Supplied data:

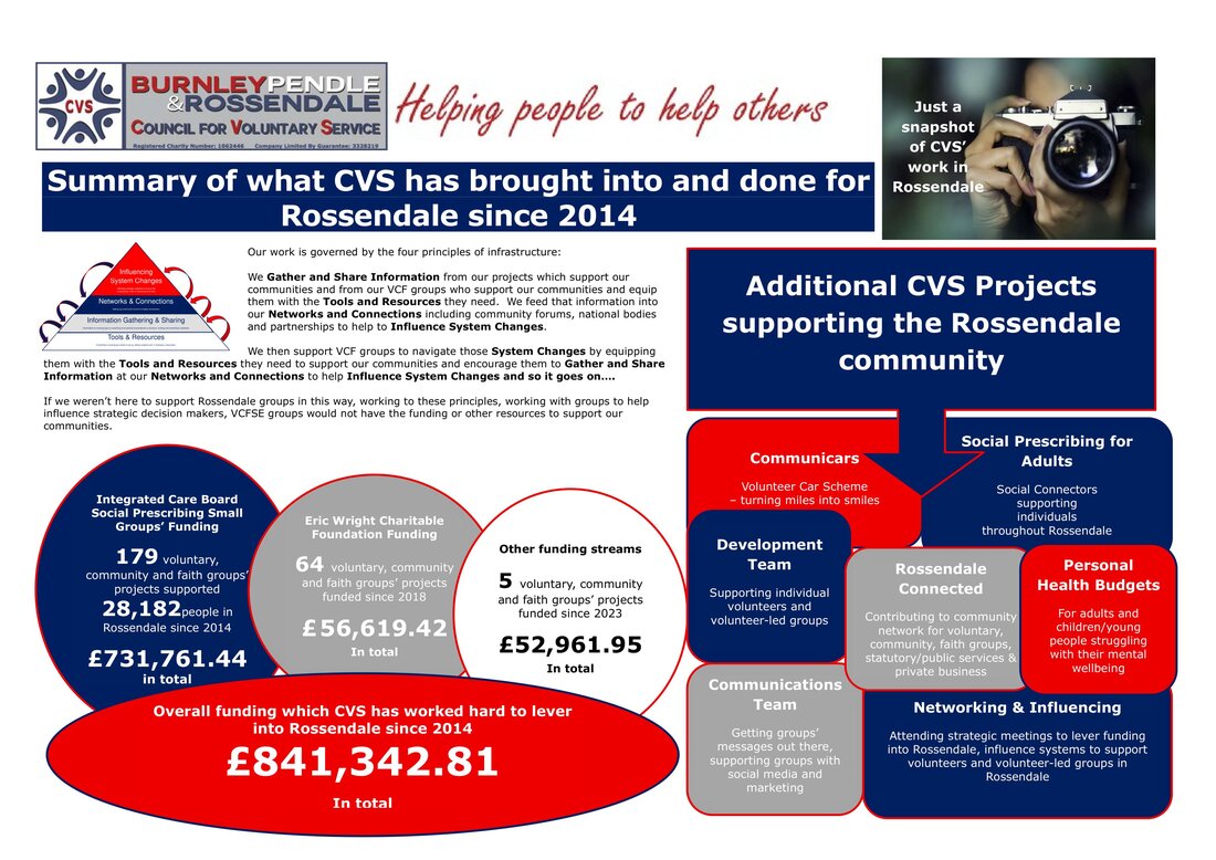 BPRCVS and Rossendale Borough Council have had a beneficial partnership over many years. Although the partnership has not had a Service Level Agreement in place for a number of years, CVS continues to deliver vital services in the Rossendale community. The work CVS does enables more funding to be brought into Rossendale. This enhances not only the voluntary, community and faith sector landscape but also the economic landscape of Rossendale.
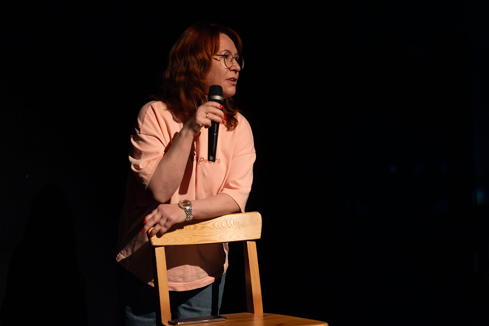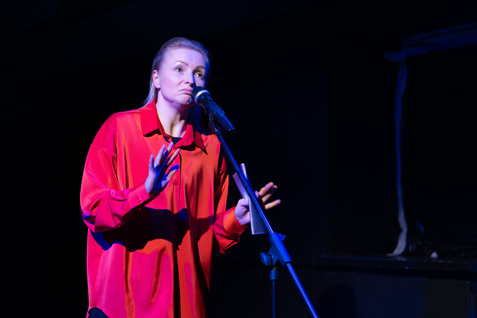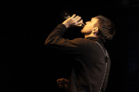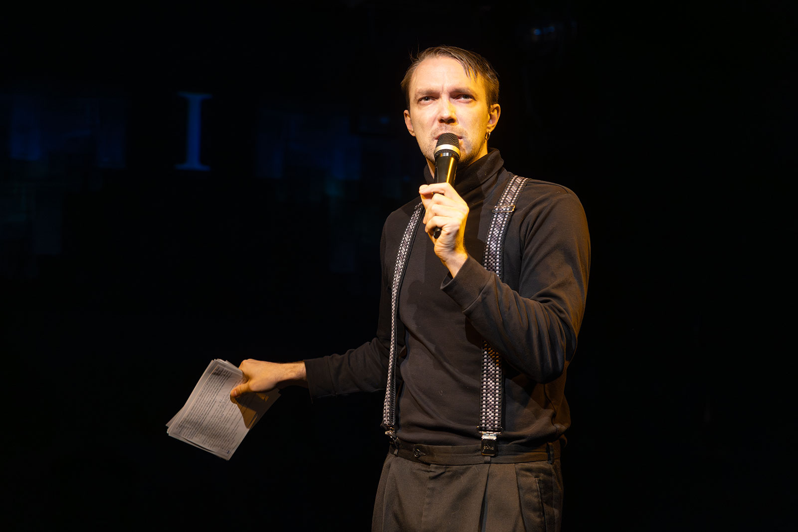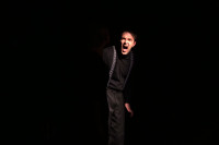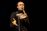 И вот на сцене современный Мерсо в исполнении Глеба Германова. Прилизанная по-чистоплюйски слащавая прическа. Герой-стендапер самоуверенно, не всегда четко рассказывает свои истории. Все сказанное на публику он априори считает шедевром. Он уверен, что каждое описание своего мироощущения — это бесценные слова гениальной автобиографии.
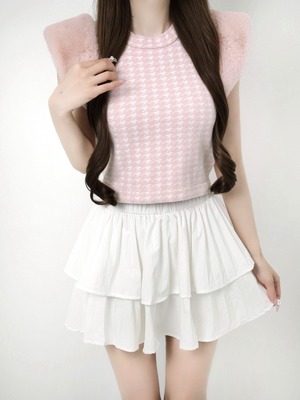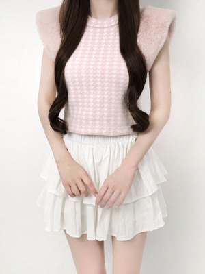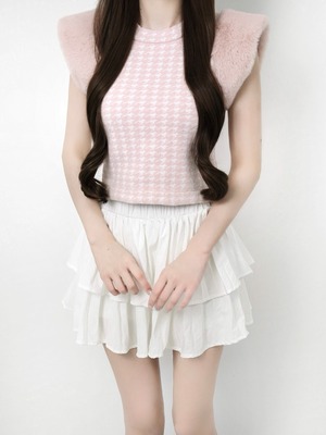 Lumignon original ♥ Houndstooth fur knit top【ピンク】
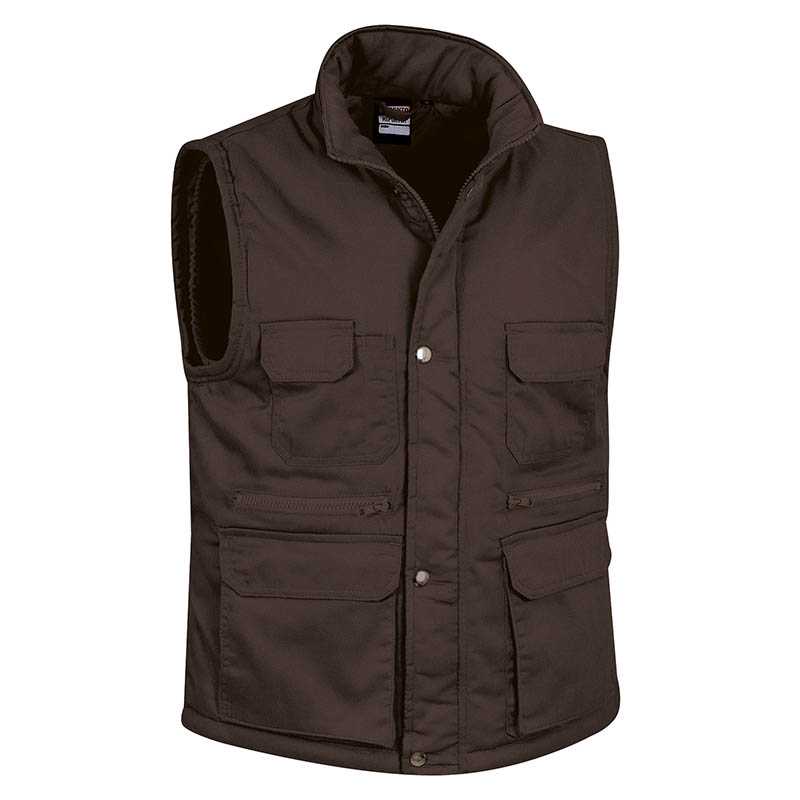Multi-Pocket Work Vest: Our best-selling vest is a great value for money and comes in a wide range of colours and sizes. Made of a sturdy cotton twill fabric blended with polyester outer fabric for strength and durability, smooth inner lining and inner quilting for ensuring excellent thermal insulation. Stand-up collar with full-zip flap and snap button front closure, which provides warmth and comfort. Elasticated waistband and armholes for a secure and comfortable fit, adjustable waist with side snap button fastening for a better fit, a tailpiece that covers the lumbar zone for added comfort and also provides a large printing area.Two front gusseted pockets, two upper velcro flap pockets, two slanted pockets, two zippered pockets at intermediate height, a pen holder and an inner velcro pocket for a secure and convenient storage. Includes an inside back zip for easy marking with different methods: screen printing, embroidery, transfer printing, badges, shields, vinyl application. Ideal as workwear, uniforms and versatile use.
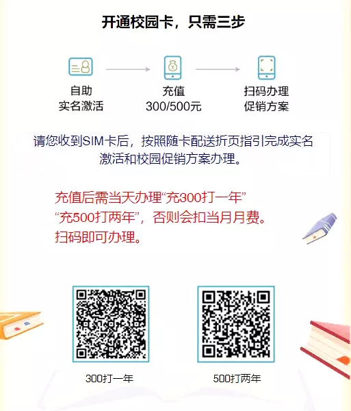 扫描本文上方的套餐办理二维码进行校园套餐在线自助办理。(不参与校园套餐办理的将会收取高昂月租费哦)
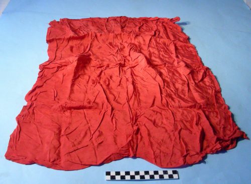 rettangolare, di colore rosso, orli cuciti sui due lati lunghi .
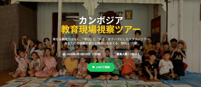 カンボジアでの教育支援活動を直接体験できる特別な機会として単なる観光ではなく「学び」と「共感」をテーマにしたスタディツアー!
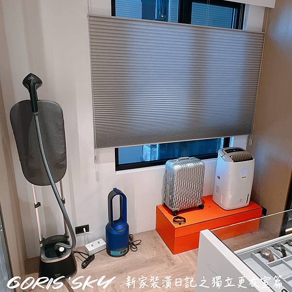 這面一位主要是窗戶,風琴簾下就是單純擺放一下掛掛燙機,登機箱、除濕機等。我有訂一個愛馬仕的椅凳,之後這裡有點想擺,到時收到再看看。
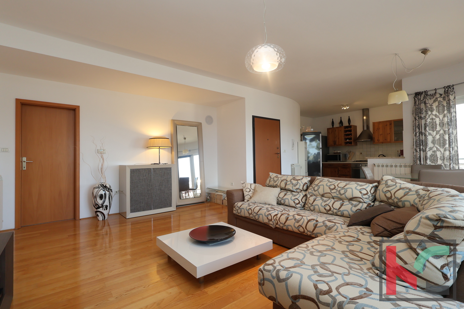 Stan se sastoji od prostranog dnevnog dijela otvorenog koncepta koji objedinjuje kuhinju, blagovaonicu i dnevni boravak.Odvojeno predsoblje/hodnik, koji potpuno odvaja noćni dio sa dvije komforne spavaće sobe , kupatilo sa kadom i odvojena ostava.
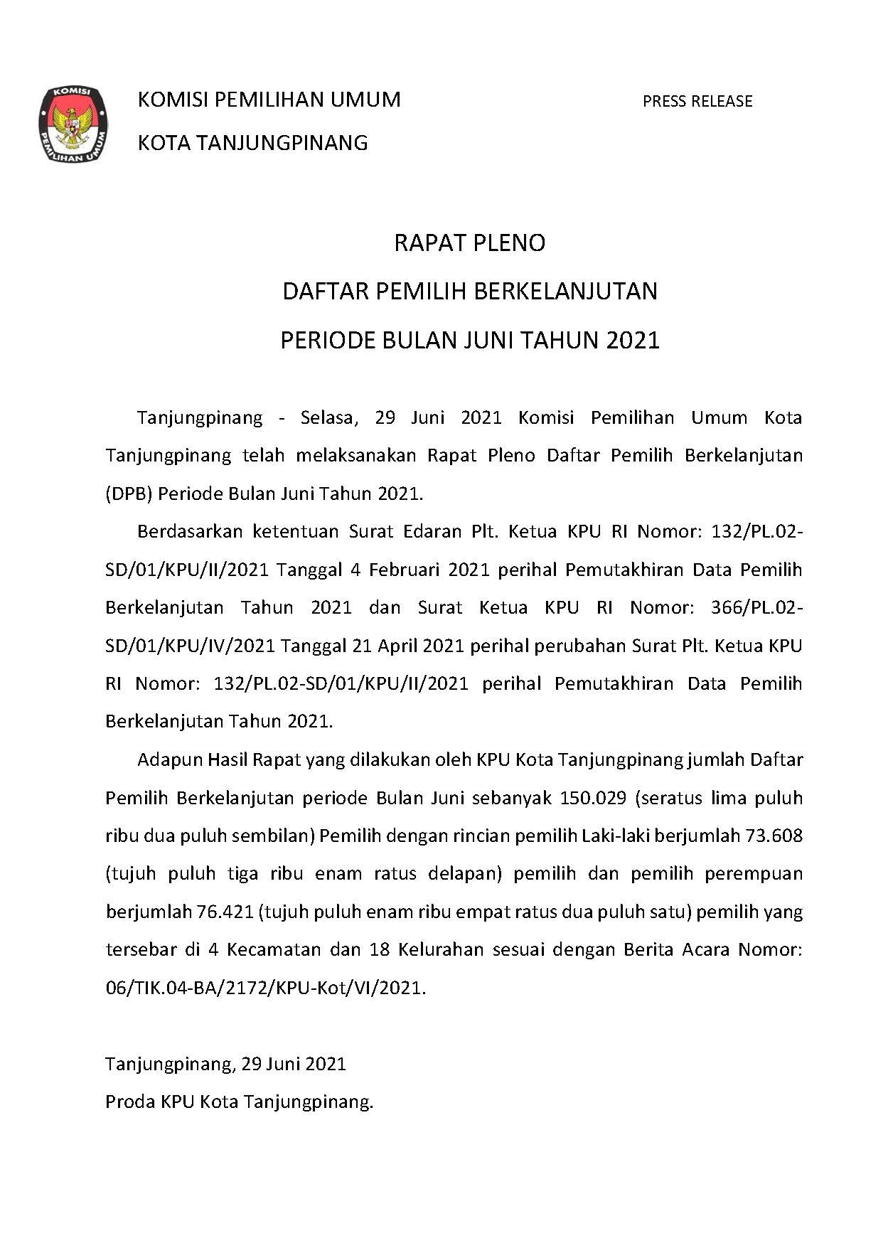 PRESS RELEASE REKAPITULASI PEMUTAKHIRAN DATA PEMILIH BERKELANJUTAN ( PDPB ) BULAN JUNI TAHUN 2021

Problem description:
Your answer must consist only of the lines from the one containing "Stan se sastoji" through the end of the entries, restated word for word, with no pictures.

Task result:
 Stan se sastoji od prostranog dnevnog dijela otvorenog koncepta koji objedinjuje kuhinju, blagovaonicu i dnevni boravak.Odvojeno predsoblje/hodnik, koji potpuno odvaja noćni dio sa dvije komforne spavaće sobe , kupatilo sa kadom i odvojena ostava.
 PRESS RELEASE REKAPITULASI PEMUTAKHIRAN DATA PEMILIH BERKELANJUTAN ( PDPB ) BULAN JUNI TAHUN 2021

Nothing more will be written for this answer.